REQUIREMENT: Omit the pictures. Transcribe exactly the lines below, from the one with "中原料澳門樓價今年漲50% (圖)" up to and including the last.

PROVIDED DATA:
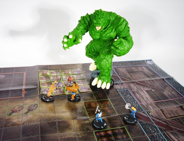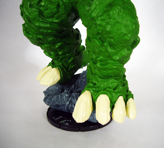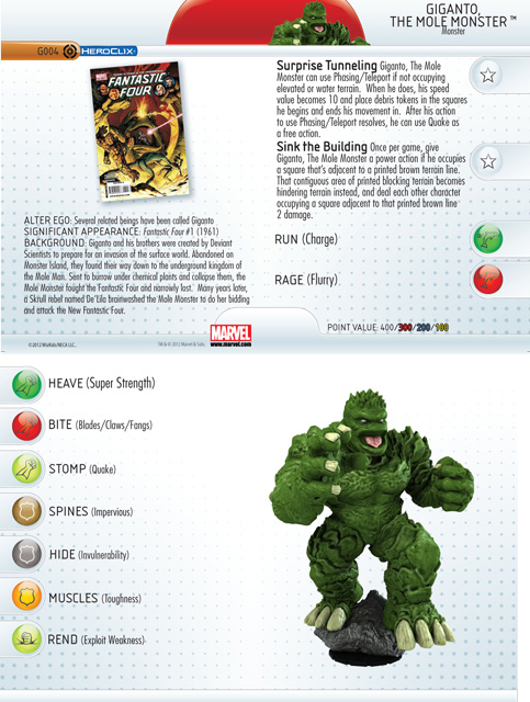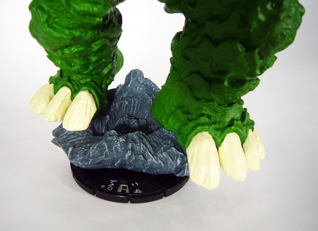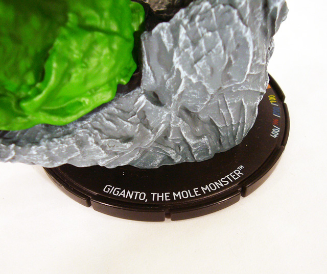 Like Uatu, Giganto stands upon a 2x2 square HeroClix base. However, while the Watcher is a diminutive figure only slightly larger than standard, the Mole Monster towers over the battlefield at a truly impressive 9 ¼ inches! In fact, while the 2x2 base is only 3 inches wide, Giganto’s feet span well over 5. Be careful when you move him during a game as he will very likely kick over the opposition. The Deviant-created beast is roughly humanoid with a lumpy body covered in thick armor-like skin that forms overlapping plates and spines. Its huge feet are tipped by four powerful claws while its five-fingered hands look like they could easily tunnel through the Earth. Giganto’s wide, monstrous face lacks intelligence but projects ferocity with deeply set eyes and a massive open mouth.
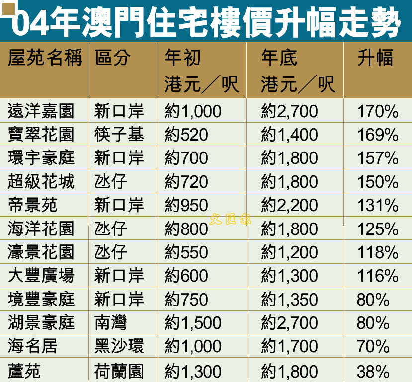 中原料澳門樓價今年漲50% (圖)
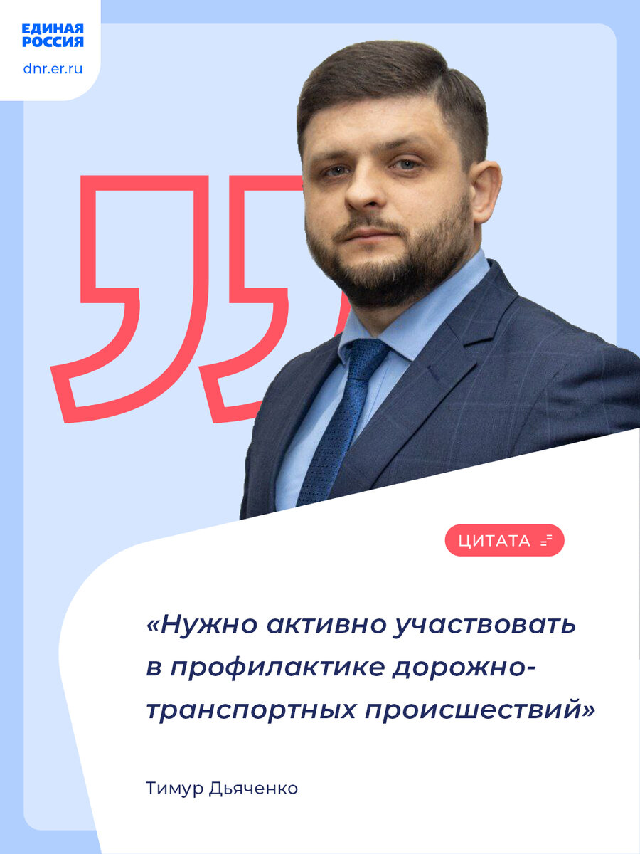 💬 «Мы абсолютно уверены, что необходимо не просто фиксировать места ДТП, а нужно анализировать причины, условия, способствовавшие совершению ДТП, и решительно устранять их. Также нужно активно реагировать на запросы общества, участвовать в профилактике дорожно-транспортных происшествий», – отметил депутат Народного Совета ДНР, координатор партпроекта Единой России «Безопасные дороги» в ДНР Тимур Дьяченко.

WRITTEN RESPONSE:
 中原料澳門樓價今年漲50% (圖)
 💬 «Мы абсолютно уверены, что необходимо не просто фиксировать места ДТП, а нужно анализировать причины, условия, способствовавшие совершению ДТП, и решительно устранять их. Также нужно активно реагировать на запросы общества, участвовать в профилактике дорожно-транспортных происшествий», – отметил депутат Народного Совета ДНР, координатор партпроекта Единой России «Безопасные дороги» в ДНР Тимур Дьяченко.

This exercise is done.